● **Activity**: Pictures in the data should be dropped; transcribe exactly the lines from the one that has "フロアの生徒たちは、演説に耳を傾け、演説が終わると大きな拍手をしていました。" through the one that has "受強冷空氣影響,預計,10月".

● **Available data**:

──────────

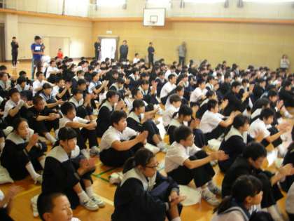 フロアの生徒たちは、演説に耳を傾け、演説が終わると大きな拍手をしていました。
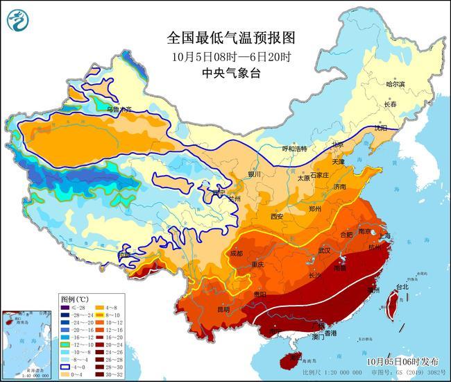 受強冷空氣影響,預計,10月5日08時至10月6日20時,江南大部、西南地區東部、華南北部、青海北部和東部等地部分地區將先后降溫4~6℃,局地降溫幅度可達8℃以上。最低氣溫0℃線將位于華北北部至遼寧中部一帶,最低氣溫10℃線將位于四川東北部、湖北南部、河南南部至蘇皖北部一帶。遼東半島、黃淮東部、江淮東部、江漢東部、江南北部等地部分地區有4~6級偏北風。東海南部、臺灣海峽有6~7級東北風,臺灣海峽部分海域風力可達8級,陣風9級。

──────────

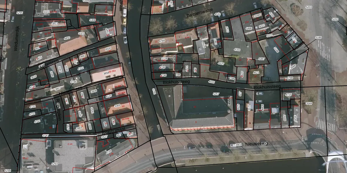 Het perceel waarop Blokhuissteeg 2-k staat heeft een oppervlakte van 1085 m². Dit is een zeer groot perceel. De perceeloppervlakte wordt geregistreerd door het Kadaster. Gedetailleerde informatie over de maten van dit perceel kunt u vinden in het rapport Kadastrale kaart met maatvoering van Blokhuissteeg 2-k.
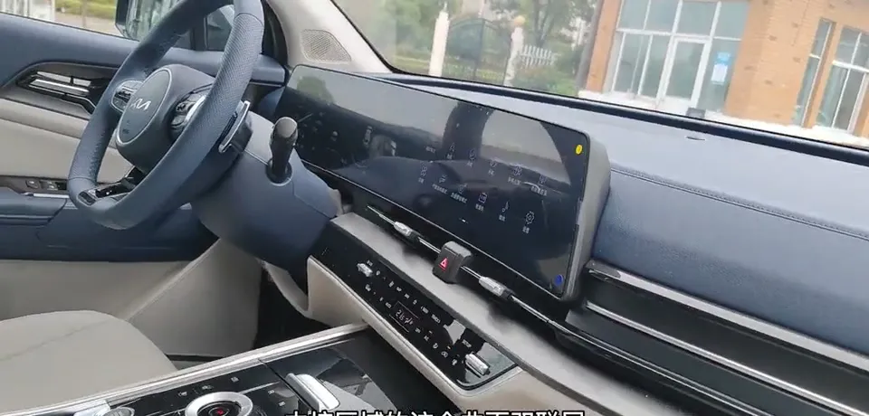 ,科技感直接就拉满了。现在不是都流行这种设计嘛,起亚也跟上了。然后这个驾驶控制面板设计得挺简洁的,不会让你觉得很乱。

──────────

● **Task answer**:
 フロアの生徒たちは、演説に耳を傾け、演説が終わると大きな拍手をしていました。
 受強冷空氣影響,預計,10月5日08時至10月6日20時,江南大部、西南地區東部、華南北部、青海北部和東部等地部分地區將先后降溫4~6℃,局地降溫幅度可達8℃以上。最低氣溫0℃線將位于華北北部至遼寧中部一帶,最低氣溫10℃線將位于四川東北部、湖北南部、河南南部至蘇皖北部一帶。遼東半島、黃淮東部、江淮東部、江漢東部、江南北部等地部分地區有4~6級偏北風。東海南部、臺灣海峽有6~7級東北風,臺灣海峽部分海域風力可達8級,陣風9級。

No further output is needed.